The poor Constitution. Its 10th birthday on Monday could never compete for coverage in the face of the Jacob Zuma rape-trial verdict.
But Zuma himself linked the two. After being acquitted, he reportedly told his supporters that the media had tarnished his image, and hadn’t waited for the court to find him guilty. They had said ”I was guilty when I wasn’t”.
Significance? ”The media and so-called intellectuals broke the Constitution. They hindered my basic human right.”
Another link between the court case and the Constitution was implicit in the words of trial Judge Willem van der Merwe. He accused the media of ”selective reporting”, and went on to hammer people who had jumped to conclusions without waiting for all the evidence.
What the judge didn’t ”get” is that all journalism entails selection — and that the Constitution guarantees free choice in this regard. It’s this right that gives rise to the quip that the media’s function is to separate the wheat and chaff … and throw away the wheat.
In the eyes of both the judge and Jacob Zuma, the reporting of this case chose the chaff. Yet the media’s rendition does not need to be identical to that of the court nor that of the Zuma supporters.
That is precisely the essence of media freedom: the media can get it right or wrong, and the citizens can also speak their minds about the media’s performance.
Of course journalists can’t say absolutely anything that they like. The Constitution calls for balancing each right against all others — in this case, media freedom with rights to justice, privacy and dignity.
The point is that even were some media negative towards Zuma, the Constitution would condone this as the right to media freedom — that is, unless the coverage compromised the man’s rights to a fair trial and dignity. There was no such compromise in the Zuma coverage:
- Aside from the special character of cartoons, where did the media set itself up to judge the case? Trying to influence the judge? Forget it.
- As for dignity, Zuma himself was responsible for his deficit on this account. The media didn’t fabricate that he had unsafe sex. Nor did journalists make him the butt of public jibes that he should have taken a cold shower at the start.
Probably, some Zuma media bashers would have wanted coverage to suppress information when the complainant gave evidence — and to give a gospel stamp when the accused gave his version.
While Zuma thanked his supporters for supporting the Constitution — that is, vis-à-vis his rights — he left unspoken the issue of media rights.
Ironically, five years ago the man was a popular speaker making all the ”right” noises at meetings of the South African National Editors’ Forum (Sanef). Now, however, his calculation seems to be against cultivating the media.
Apparently referring to Sanef’s World Press Freedom Day campaign launched on May 3, Zuma has now accused the media of claiming to cast light ”when in fact they bring darkness”.
His other reported remarks after the trial will win him little sympathy in the newsrooms.
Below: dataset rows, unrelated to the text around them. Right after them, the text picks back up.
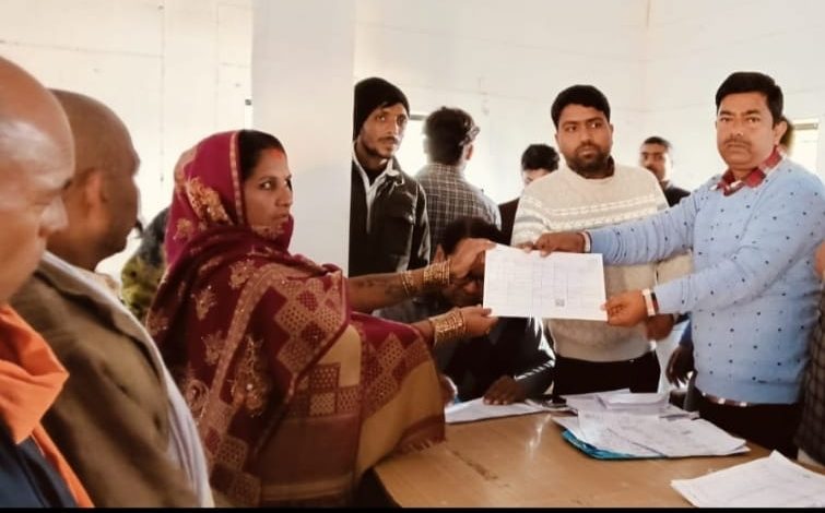 ग्रामीणों को बाटा गया घरौनी प्रमाण पत्र, खिले चेहरे
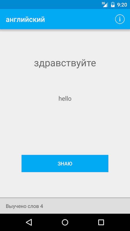 Sur l'écran vous voyez un mot en anglais et en essayant de se rappeler sa traduction.
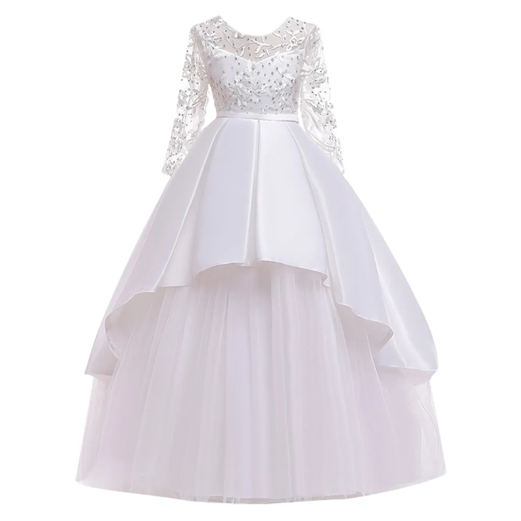 Платье для девочек Подростковая детская одежда вечерние кружевные свадебные платья принцессы для маленьких девочек длинное платье на выпускной костюм для подростков Описание продукта: Модный дизайн, 100% новый бренд, высокое качество! Материал: нейлон Рисунок:Тюль Воротник: О-образный вырез Длина рукава: длинный рукав Основной цвет: как показано на картинке Стиль: Модный Стильный и модный дизайн сделает вашего ребенка более привлекательным Прекрасно подходит для повседневной носки, на каждый день, вечерние или фотосессии, также у нас есть отличная идея для детского праздника подарки Он изготовлен из высококачественных материалов,Ощущение мягкости рук, никакого вреда для кожи вашего ребенка Возможны незначительные отклонения в 1-3 см из-за ручного измерения и небольшой разницы в цвете для различных настроек дисплея, Спасибо за понимание! 1 дюйм = 2,54 см Пожалуйста, обратите внимание: если ваш ребенок пухленький, мы рекомендуем выбрать больший размер, спасибо. Спасибо и хорошего дня! Посылка включает в себя:Платье-1 шт. Размеры таблицей:

Not many journalists will find credible his claim that the media called in political analysts to poke fun at him on television. Fewer still would agree with the wild claim that ”they insulted me, labelled and called me all kinds of names”.
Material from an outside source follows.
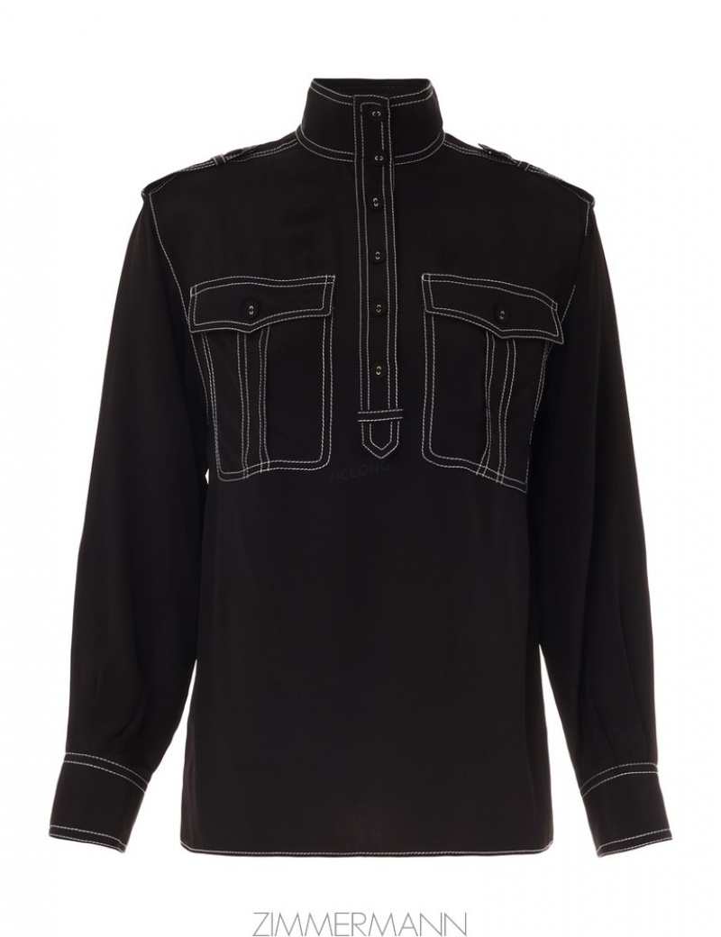 The Utility Blouse in Black from our Resort 2024 Collection, Matchmaker. A relaxed blouse featuring a utility silhouette, finished with a mandarin collar and contrast topstitching throughout.- Utility Blouse
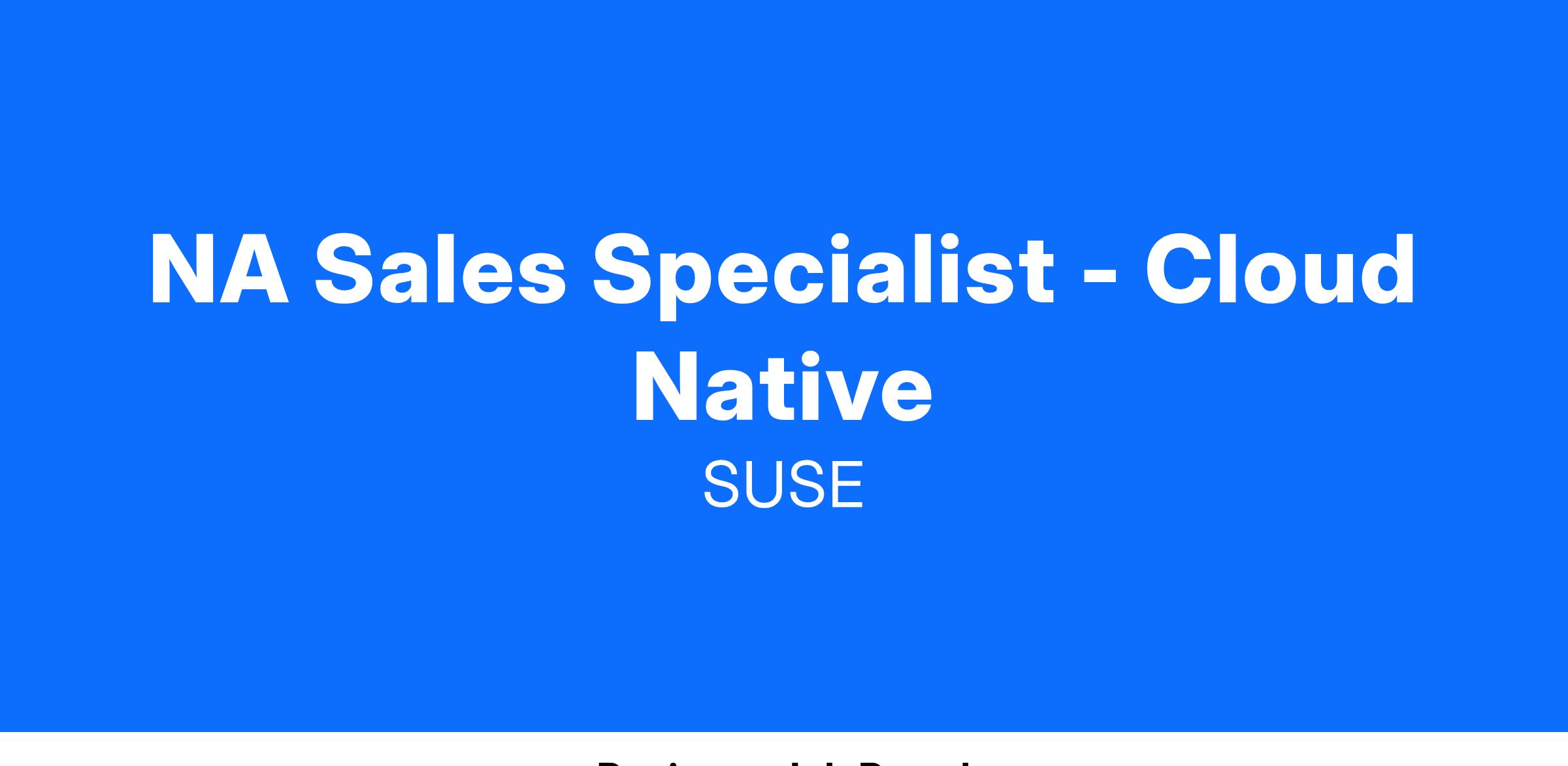 NA Sales Specialist - Cloud Native

Most journalists resent attacks on their integrity — and not least claims by the pro-Zuma people that the media had been co-opted against him through secret briefings and their own elitist interests.
What journalists do know is that Zuma lost his own gloss through the company he keeps — Schabir Shaik, for example. And since then, his supporters’ continuing anti-constitutional displays of intolerance have won him only suspicion among respecters of free speech.
Further, most journalists would presume that it was the man’s cloak-and-dagger pals who posted e-mail smears to derail the corruption probe by former Scorpions boss Bulelani Ngcuka. Indeed, the same forces seem to have recently revived this underhand tactic to discredit others seen as anti-Zuma.
Common cause is that it was Zuma’s supporters, and not least his current media sidekick Ranjeni Munusamy, who sought to manipulate the media covertly — e.tv and City Press in particular — by planting the false Ngcuka ”spy” story in 2004.
With this history, it is not surprising that many media people today do not see Zuma as suitable leadership material.
That’s not to say the job of journalists is to be kingmakers. But is their necessary and legitimate role to warn about those political forces with a weak record of respect for free media — and, by extension, free speech.
As part of this democratic service, journalists should continue monitoring where the Zuma people stand in relation to the Constitution — and not just his right to a fair trial in his coming corruption case.
What’s crucial is how they regard the rights of the media and, the other side of this coin, the public’s right to know.